Echanges d'apprentis, coopération en matière d'emploi ou "Eurodistrict" franco-allemand : sur les bords du Rhin, les bonnes intentions foisonnent pour mieux coopérer mais se heurtent souvent à des obstacles tenaces.
A l'occasion du 50ème anniversaire du traité de l'Elysée les gouvernements des deux pays ont notamment prévu de se mettre d'accord sur une coopération plus étroite dans le domaine de l'apprentissage.
En Alsace et dans le Land allemand voisin du Bade-Wurtemberg, c'est déjà en partie une réalité puisque depuis deux ans, les apprentis peuvent faire leur stage pratique de l'autre côté du Rhin.
Mais seuls une douzaine ont à ce jour saisi cette chance, reconnaît un porte-parole de la Région Alsace. "Comme à chaque innovation, il faut du temps pour qu'une idée s'impose", philosophe le sénateur-maire (PS) de Strasbourg, Roland Ries.
Le Bade-Wurtemberg recrute
Selon la Commission européenne, le taux de chômage en France est presque deux fois plus élevé en France qu'en Allemagne (10,5% contre 5,4%).
Et chez les jeunes de moins de 24 ans le rapport est de plus de trois contre un (25,5% côté français contre 8,1% côté allemand).
Le Bade-Wurtemberg, à l'industrie en plein essor, essaie depuis longtemps d'attirer des travailleurs alsaciens.
La direction régionale pour l'emploi de Stuttgart recherche avant tout des ingénieurs, des ouvriers qualifiés dans la métallurgie, des employés dans les secteurs de l'hôtellerie et de la restauration, des infirmières et des éducateurs, indique son porte-parole Olaf Bentlage.
Ses services travaillent déjà en collaboration avec l'agence française Pôle Emploi de Strasbourg.
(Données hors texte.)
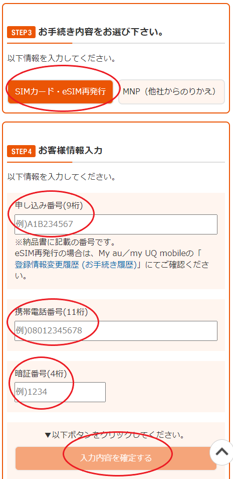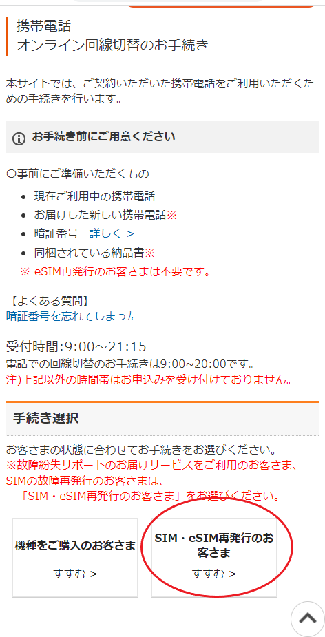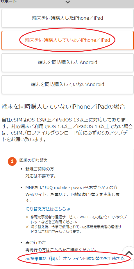 「端末を同時購入していないiPhone」→「回線切り替えのお手続き」→「eSIM再発行のお客様」→「STEP1~4」で進んでいきます。
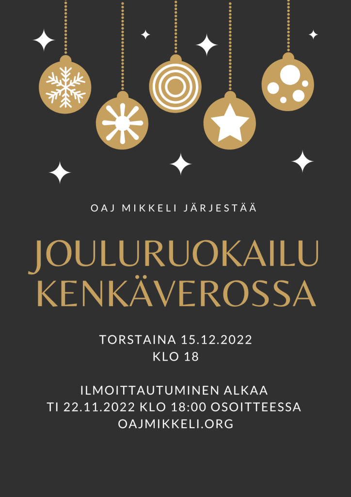 OAJ Mikkeli järjestää jouluruokailun Kenkäverossa torstaina 15.12.2022 klo 18! Paikkoja on varattu 130 ensimmäiselle jäsenelle. Ilmoittautuminen alkaa tiistaina 22.11.2022 klo 18:00. Toivottavasti näemme Kenkäveron herkkujen äärellä!
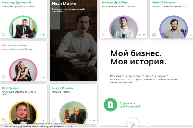 Сбербанк запустил проект «Мой бизнес», который дает предпринимателям возможность стать героями рекламного ролика. Для этого им нужно заполнить анкету на сайте банка и рассказать историю своего успеха. Сейчас уже опубликованы истории нескольких десятков представителей малого бизнеса со всей страны.
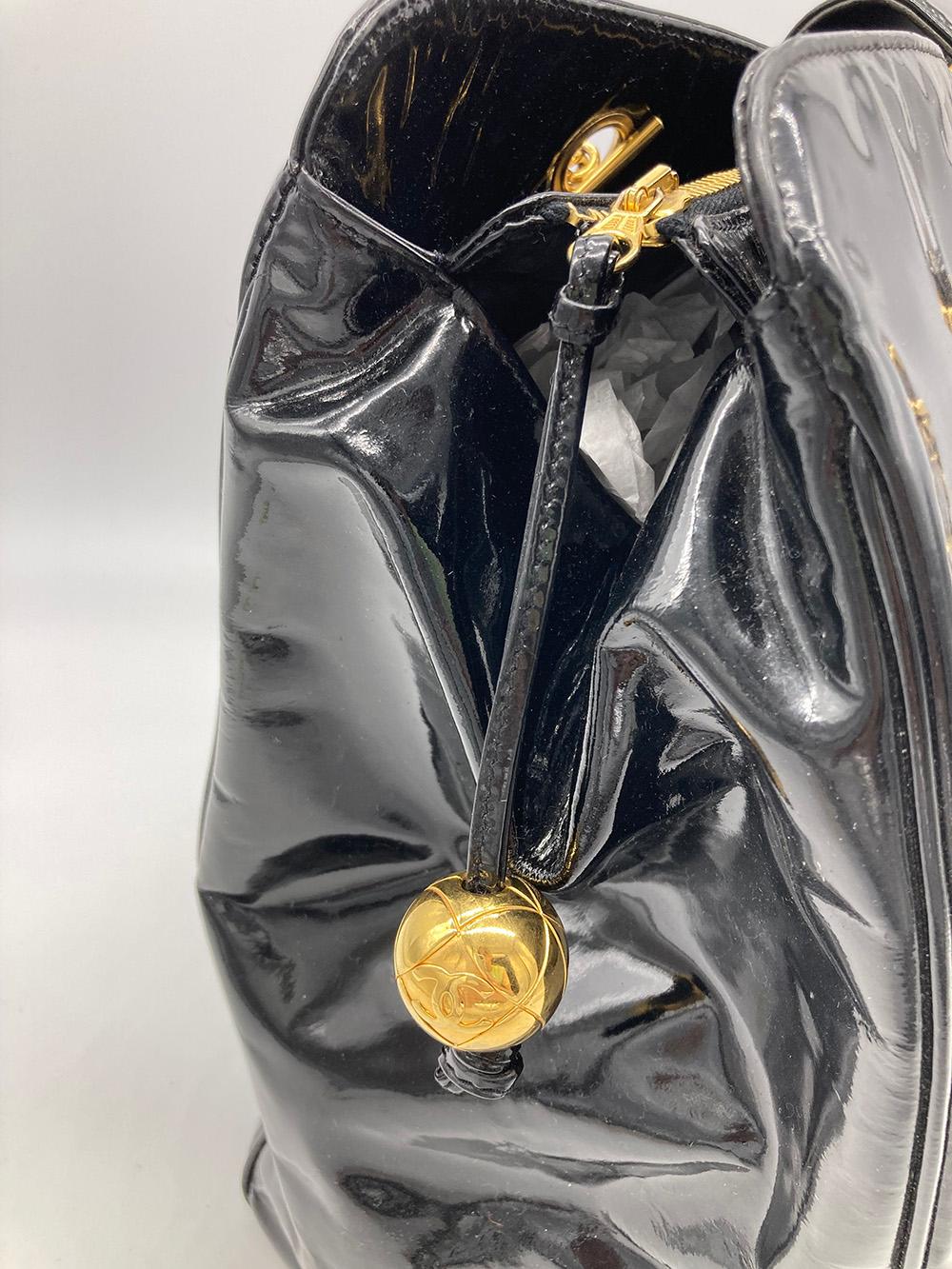 Vintage Chanel Black Patent XL Weekender Super Model Tote in fair condition.
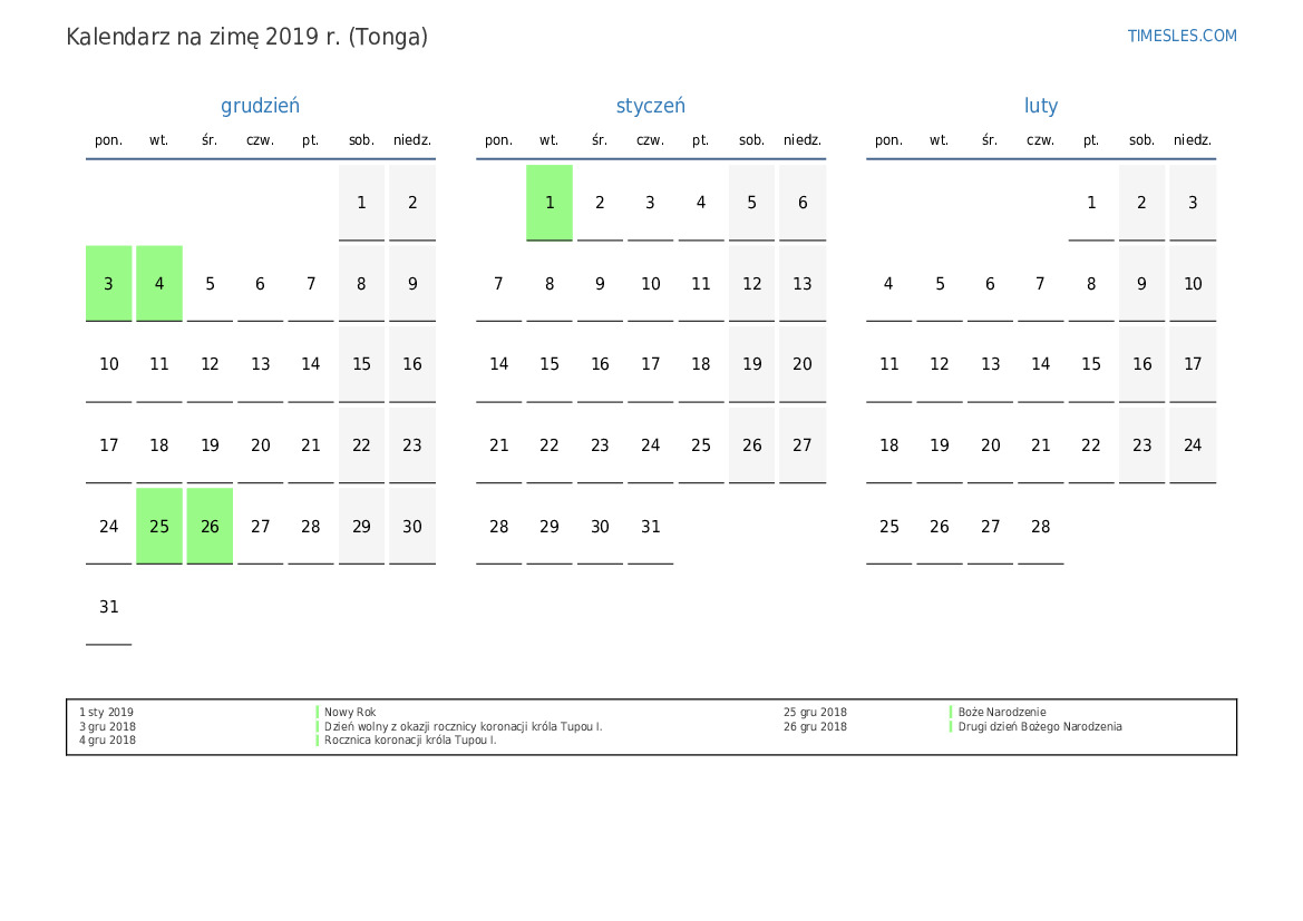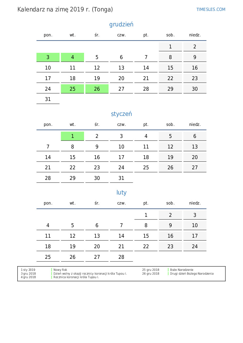 Pobierz i wydrukuj kalendarz PDF ze świętami i weekendami na zimę 2019 roku dla Tonga
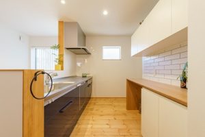 また、リビングダイニングが見渡せる対面キッチンは家族つながりを感じられ、会話が広がります。
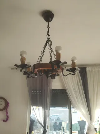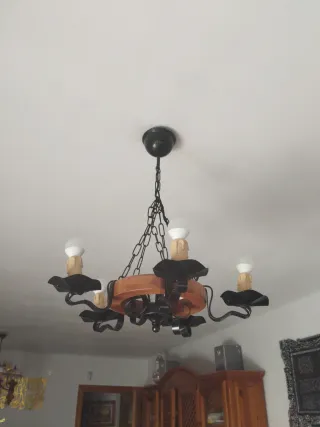 Lampada a sospensione con un design rustico ed elegante. Combina materiali in legno e metallo. Colore principale nero e marrone.
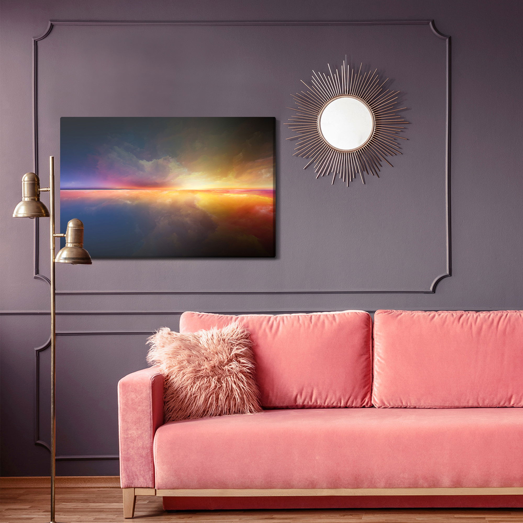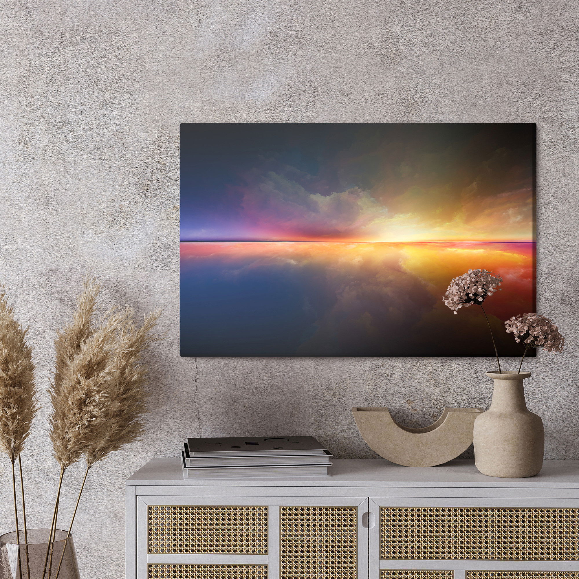 Med en ljuddämpande tavla The abstract horizon från SilentDirect får du en kombination av genomarbetad bildkvalitet och akustiklösning. Tavlan byggs på en canvastavla med fururam där insidan fylls med en kärna av återvunnen polyester som reducerar efterklang.

Ils échangent leurs offres, et organisent
régulièrement des "Jobdatings", pour permettre des rencontres entre demandeurs d'emploi et employeurs potentiels.
Des obstacles bureaucratiques perdurent
Quand par exemple un demandeur d'emploi de Strasbourg demande une formation dans la région de Stuttgart, à une centaine de kilomètres, Pôle emploi
ne peut lui rembourser ses frais de déplacement que jusqu'à la frontière. Alors que s'il choisit Toulouse, à près de mille kilomètres de la capitale alsacienne, il peut se faire rembourser intégralement. "C'est absurde", reconnaît Cyprien Fischer, de Pôle Emploi Strasbourg.
Un autre handicap vient de la méconnaissance linguistique. L'allemand est certes beaucoup plus largement enseigné dans les écoles de l'est de la France que dans le reste du pays, mais peu de jeunes l'étudient suffisamment longtemps pour véritablement le maîtriser.
A cela s'ajoute que "l'emploi en Allemagne a perdu en attractivité pour le Français" ces dernières années, remarque Olaf Bentlage: l'écart des salaires entre la France et l'Allemagne s'est nettement réduit.
L'Eurodistrict en panne
Lancé en grande-pompe il y a dix ans par les dirigeants français Jacques Chirac et allemand Gerhard Schröder, l'ambitieux "Eurodistrict" est un autre exemple de ces grandes idées qui se heurtent aux réalités bureaucratiques.
En réunissant les communes des agglomérations de Strasbourg et d'Offenbourg, sa voisine de l'autre côté du Rhin, il s'agissait d'étabir une
sorte de "laboratoire d'essai" d'intégration européenne dans cette région franco-allemande comptant près de 900.000 habitants.
"Nous étions un peu trop euphoriques", reconnaît aujourd'hui Günther Petry (SPD), le maire la petite ville de Kehl, séparée de Strasbourg
par le Pont de l'Europe au-dessus du Rhin.
Parmi les chantiers de l'eurodistrict, une harmonisation fiscale ou des tarifs de téléphonie mobile propres sont restés lettre morte. "Un statut juridique et fiscal spécial, sur le modèle de celui de Washington D.C." est toujours impossible, reconnaît Roland Ries.